Profit drops at Hyundai Motor
According to the automaker Thursday, it posted 460 billion won ($392 million) in net profit, a 53.9 percent quarter-on-quarter decline. Compared to the same quarter last year, the figure is 50.5 percent higher, but the third quarter last year had been a low quarter due to a recall in the U.S. market and sluggish sales in major markets like China.
As Hyundai Motor had been on track for recovery in earnings this year, after suffering a net loss of 203 billion won in the fourth quarter last year largely due to the strong won and weak global sales, expectations were for around 1 trillion won in net profit.
One-off costs of 683 billion won held it back.
Hyundai Motor and Kia Motors, which is 33.9 percent owned by Hyundai Motor, recently announced a compensation plan, including a lifetime warranty for their recalled Theta II gasoline engine. The issue was raised in 2015 in the United States as the engine could lock up while driving and cause noise.

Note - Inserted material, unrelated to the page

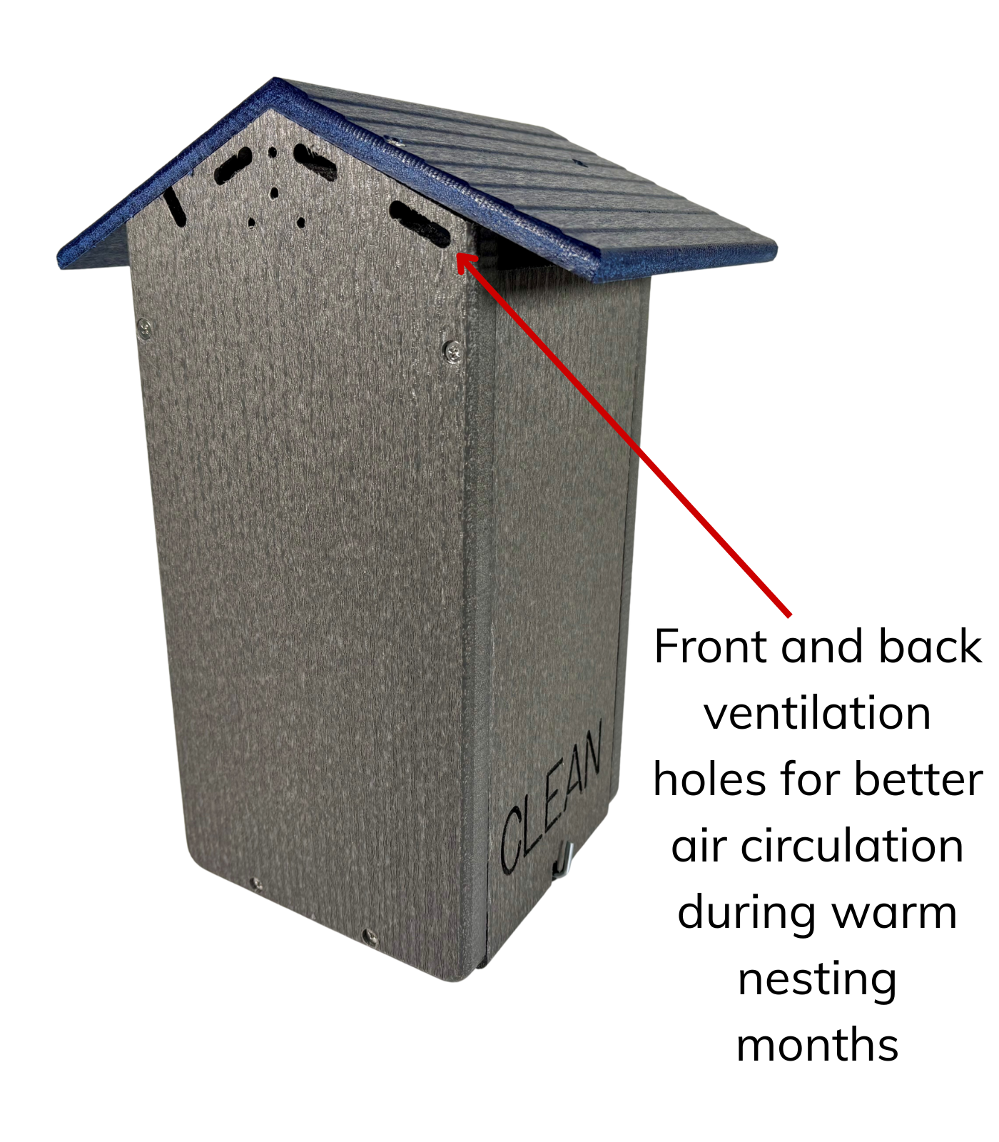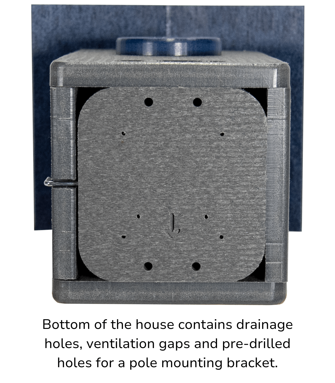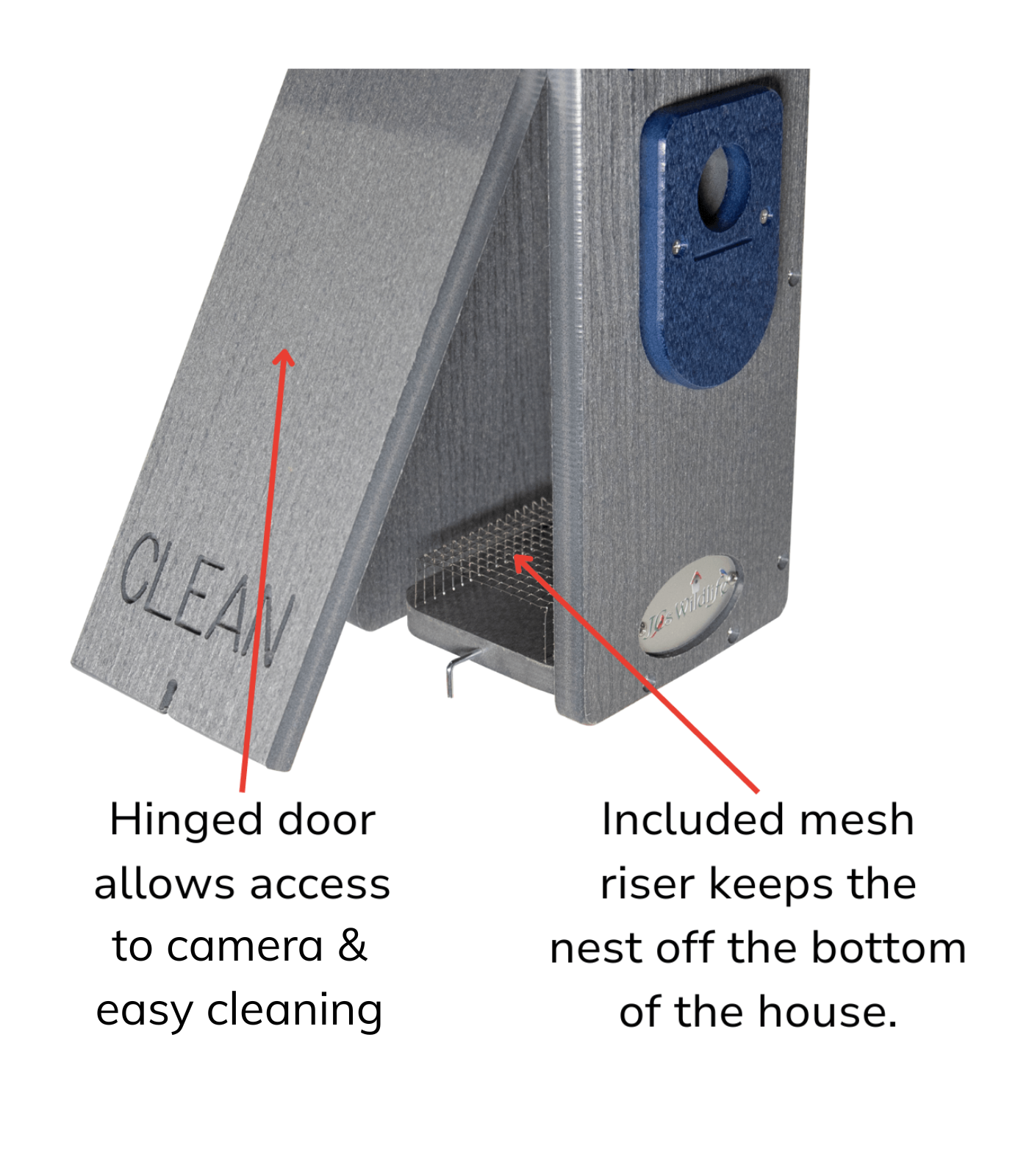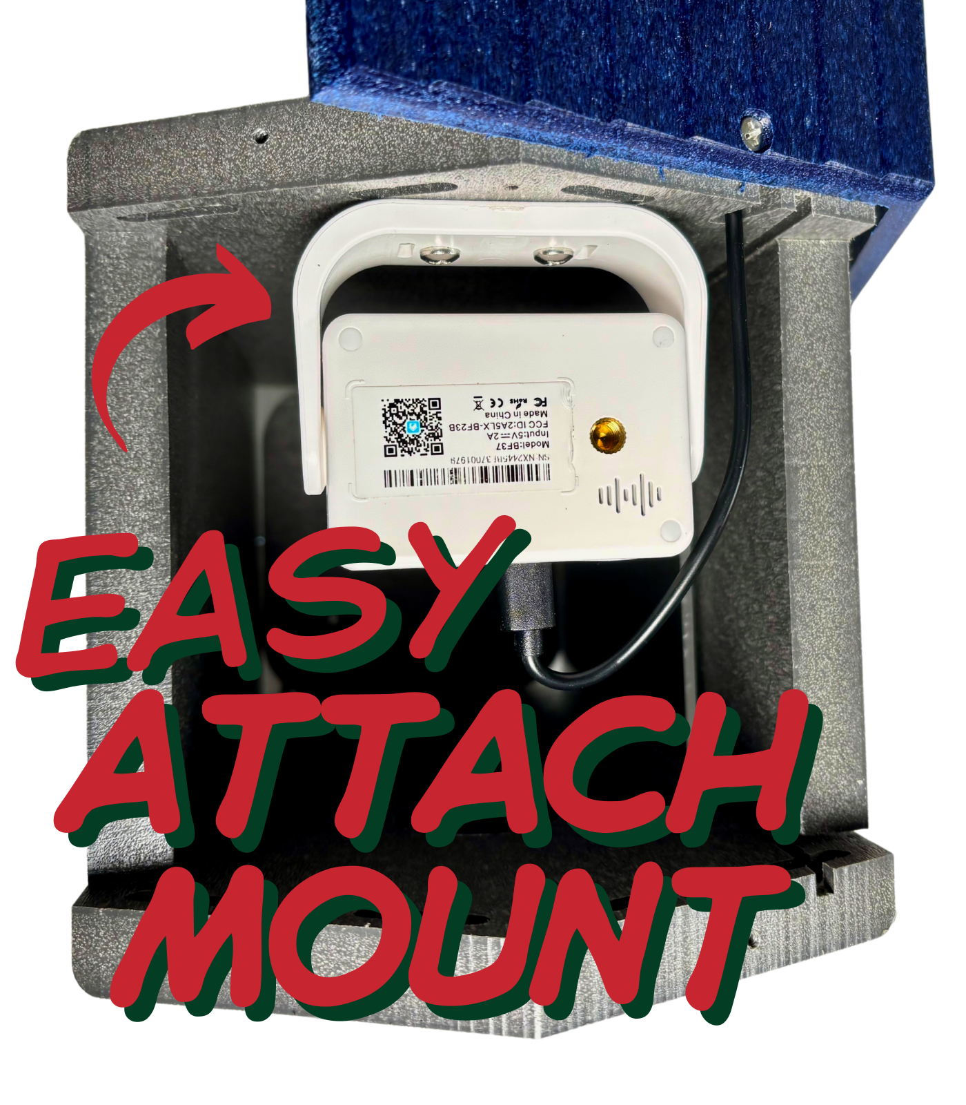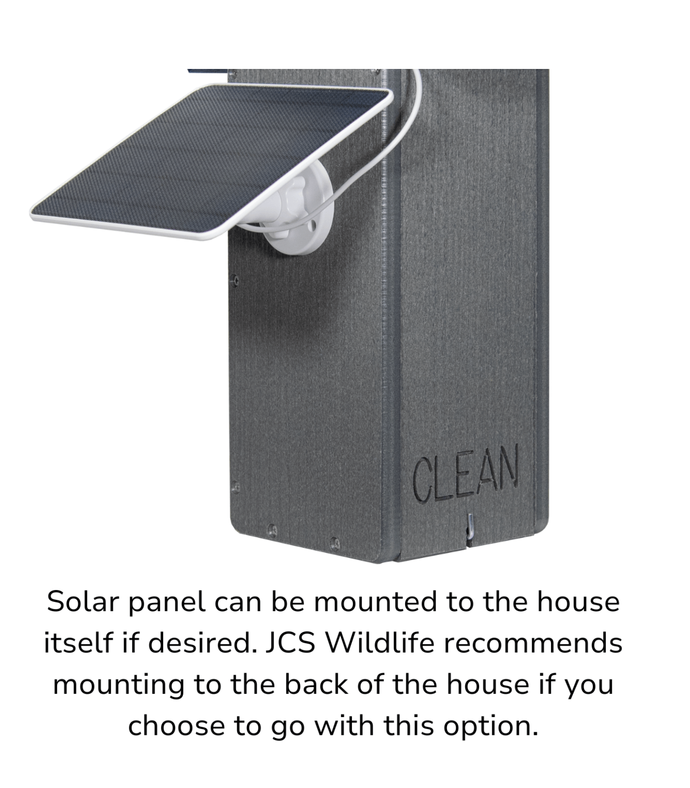 The newest addition to our Smart Camera Series - the JCS Wildlife Smart Ultimate Bluebird House. The Smart Ultimate Bluebird House is an upgrade to our existing tried and true Ultimate Bluebird Nesting Box. An upgraded 3 MP Wi-Fi camera is housed under the roof, giving you a literal birds-eye view of activities within the house. As with the EZ-Fill Smart Hopper, the camera in this nesting box links to your smart device via the Bird Lover app and is charged using the same detachable solar panel. This beautiful hand-made Ultimate Bluebird House is made by JCS Wildlife with Recycled Poly Lumber. It features all screwed construction using stainless steel screws and routed edges. This house will not crack, split or fade - it will look great for years to come. The colors are vibrant and UV protected. The poly lumber is also stain proof and easier to clean than regular wood.

The compensation came as the automakers resolved class action suits with U.S. owners of Hyundai Motor and Kia Motors vehicles equipped with the problematic engine earlier this month. The carmakers said similar terms of compensation will be offered to Korean customers.
About 600 billion won of compensation was reflected in the June-September quarter for Hyundai Motor. Most of the rest of the one-off costs were related to incentives for workers in line with the latest wage deal.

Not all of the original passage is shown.